Interviews, die in Harvestehude auf der Straße mit Anwohnern geführt wurden, legen jedoch eine anderen Begründung für die Ablehnung nahe. So sagte ein befragter Anwohner in einem Fernsehinterview, dass diese Menschen wohl nicht die richtige Etikette hätten und eine weitere Person machte sich große Sorgen darüber, dass die Flüchtlinge nicht über ausreichend Geldmittel verfügen würden, um in den örtlichen Läden einkaufen zu können.

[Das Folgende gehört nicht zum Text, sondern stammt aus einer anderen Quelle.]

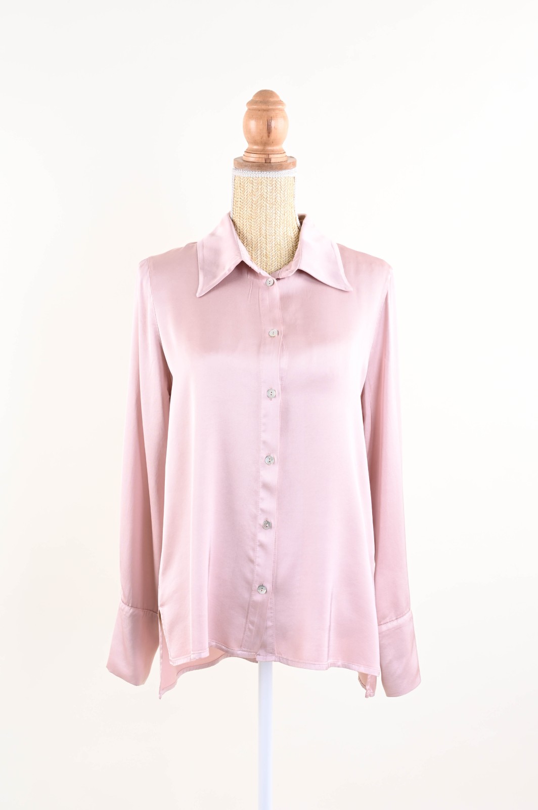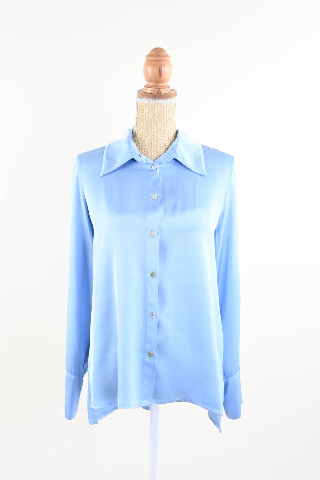 Γυναικείο σατέν πουκάμισο με άνετη και κομψή εφαρμογή, με κλασικό γιακά και κουμπιά από φίλντισι. Αγκαλιάζει τη σιλουέτα χωρίς να την περιορίζει. Μακριά μανίκια με μανσέτες.
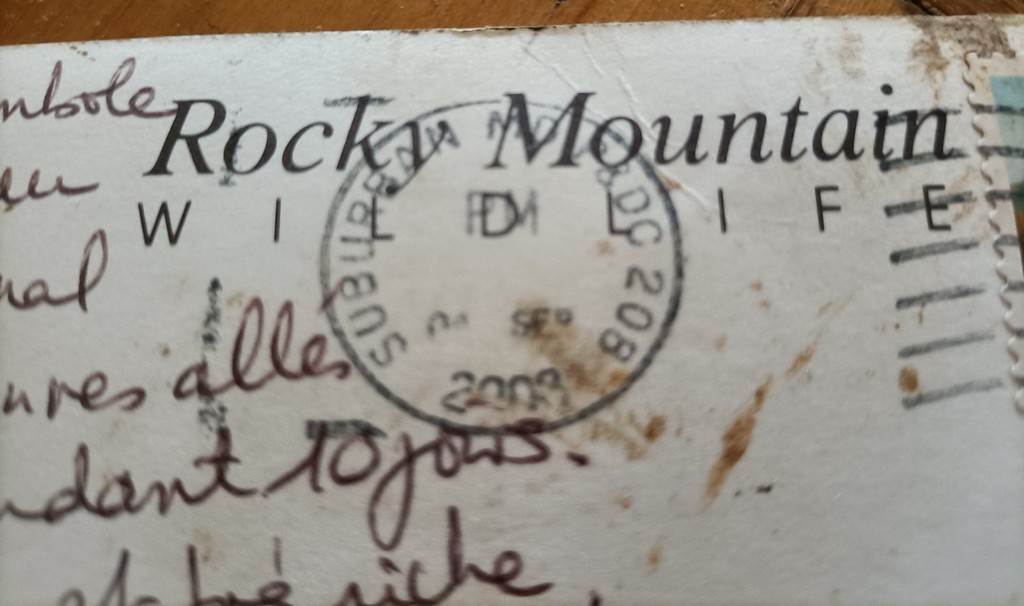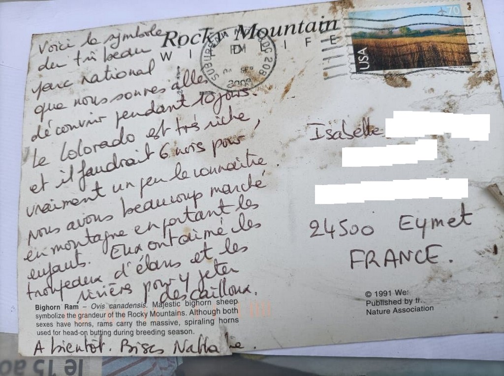 Sur la carte, Nathalie parle d’un beau parc national visité en famille en portant les enfants sur le dos puisque trop jeunes pour randonner toute la journée. Il se trouve que les enfants ont actuellement 21 et 18 ans ! Isabelle et son mari ne comprennent pas et finissent par regarder de plus près le cachet de La Poste. Il est daté de 2003 !!!
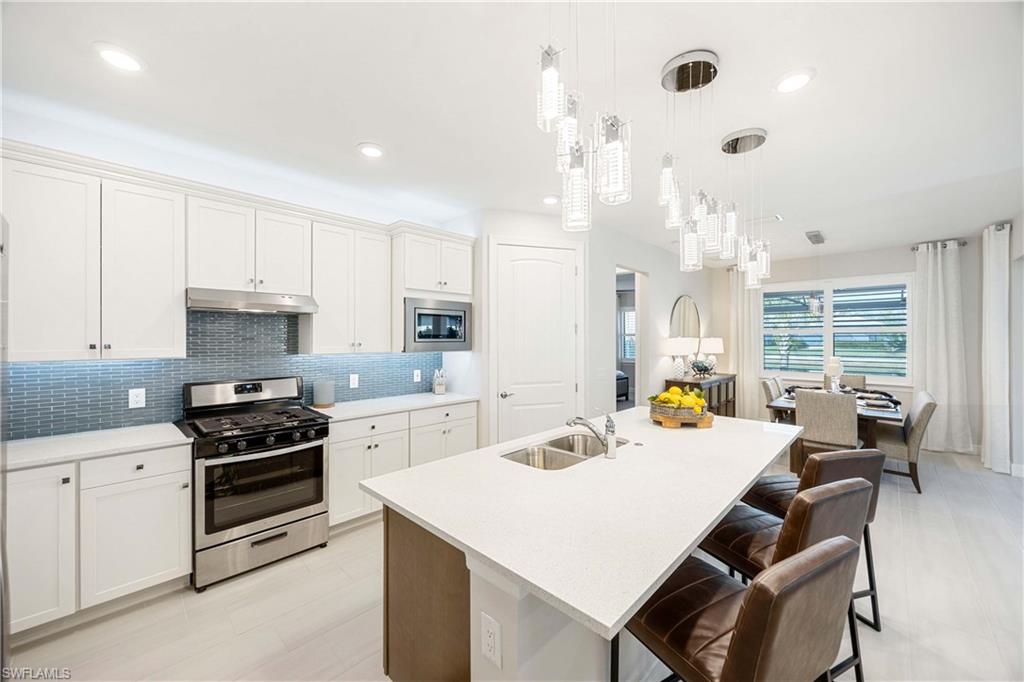 Sense the comfort and beauty of this magnificent home the minute you enter the foyer and see the view out to the inviting pool and spa. This 3 bedroom, plus separate den, great room floor-plan is perfect for entertaining or just a lovely place to call home. These original owners have impeccably maintained the home making it feel brand new. Built in 2021 it boasts a chef's delight kitchen with stainless steel appliances, center island and breakfast bar, natural gas cooktop/range, pull-out drawers, quartz counter-tops, recessed and pendant lighting, and more! The cook of the house will love it! The great room and dining area are adjacent to the kitchen. An extra plus is the den with double raised paneled doors and a window for natural light. The main bedroom is approx 14' x 16' and sits on its own separate wing from the other bedrooms. You will love the main bathroom with its 9' x 3'3" tiled shower with multiple shower heads, dual sinks, quartz counter-tops, walk-in closet and separate toilet closet. It is very spacious! Another plus to this home is the zero corner doors off the great room extending your great room out to your covered lanai. The extended lanai is all plumbed for the outdoor kitchen of your liking. Enjoy the Florida sunshine in your pool and spa in the privacy of your own backyard which backs up to a preserve. Some of the other features of this lovely home are a 9' x 7' laundry room with cabinets, folding counters, sink, and storage closet, 2 car garage with a 4 foot extension and epoxy flooring, and impact resistant windows and sliders. The home boasts beautiful tile and light colors throughout. The white plantation shutters in many of the rooms add to the character of the home. Winding Cypress is a newer, well maintained community offering an abundance of amenities. You will find a resort-style pool and separate spa, cabanas, Shady Palm Cafe, pickleball, bocce, tennis, state-of-the-art fitness center, community garden and a dog park for your fur babies. Winding Cypress sits in a great location in Collier County, less than 30 minutes from beautiful 5th Avenue in Naples, and the white sand beaches of Marco Island. This home is a must see!
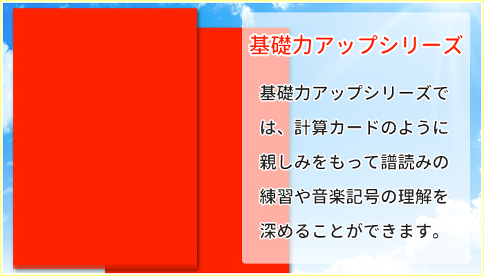 楽譜によく出てくる音域の譜読み練習を、音域ごとにドリル形式にまとめました。基礎力アップシリーズの音楽カードに対応しているので、音楽カードと併用してより一層譜読み力アップが期待できます。
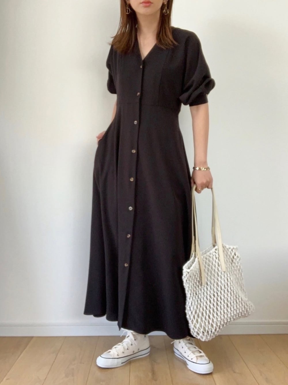 ブラックのロングワンピースを カジュアルに着ました☺︎ converseのハイカットを ワンピースに合わせるのが好きです。 コラボワンピースはご好評頂きまして 在庫分が完売となりまして、 現在は追加で予約販売が開始されて います☺︎ 見て下さりありがとうございます。
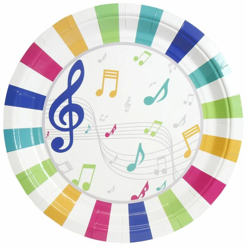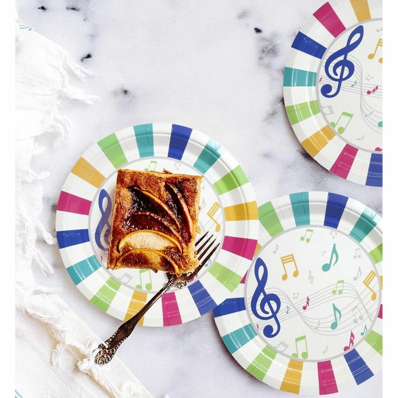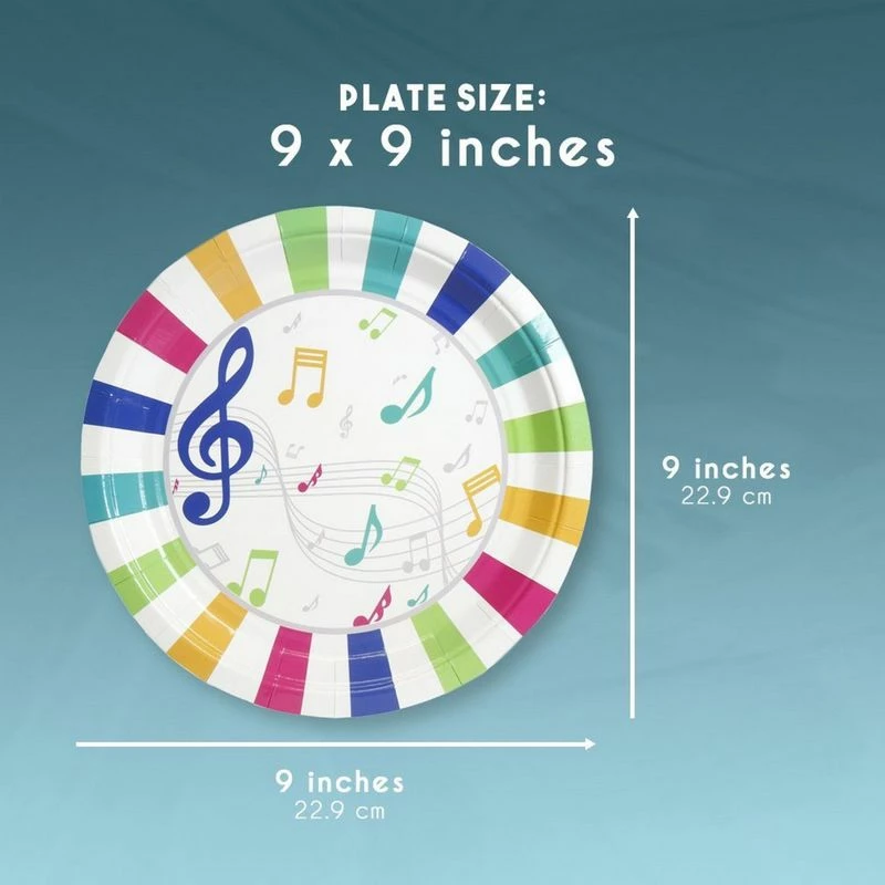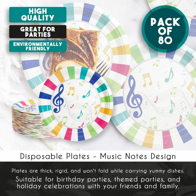 - SERVES 80: Includes enough plates for 80 guests; contains 80 paper plates featuring musical notes.

Wie es in der Hansestadt mit der Unterbringung der Flüchtlinge grundsätzlich weitergehen soll, ist fraglich. Derzeit hat es den Anschein, dass der Senat nur noch auf die Situation reagieren kann. Angesichts der Zahlen sicherlich verständlich. Eine Dauerlösung bieten die neu aufgestellten Container jedoch nicht. Über kurz oder lang müssen in der Hansestadt neue Wohnungen errichtet werden.

Ob die derzeit angepeilten jährlichen 6.000 neuen Wohnungen ausreichen werden, kann derzeit niemand abschätzen. Geplant waren diese eigentlich, um den angespannten Wohnungsmarkt zu entlasten. 80.000 Wohnungen sollen offiziell bis 2020 entstehen. Der Zustrom der Flüchtlinge könnte diese Planung erheblich durcheinander bringen.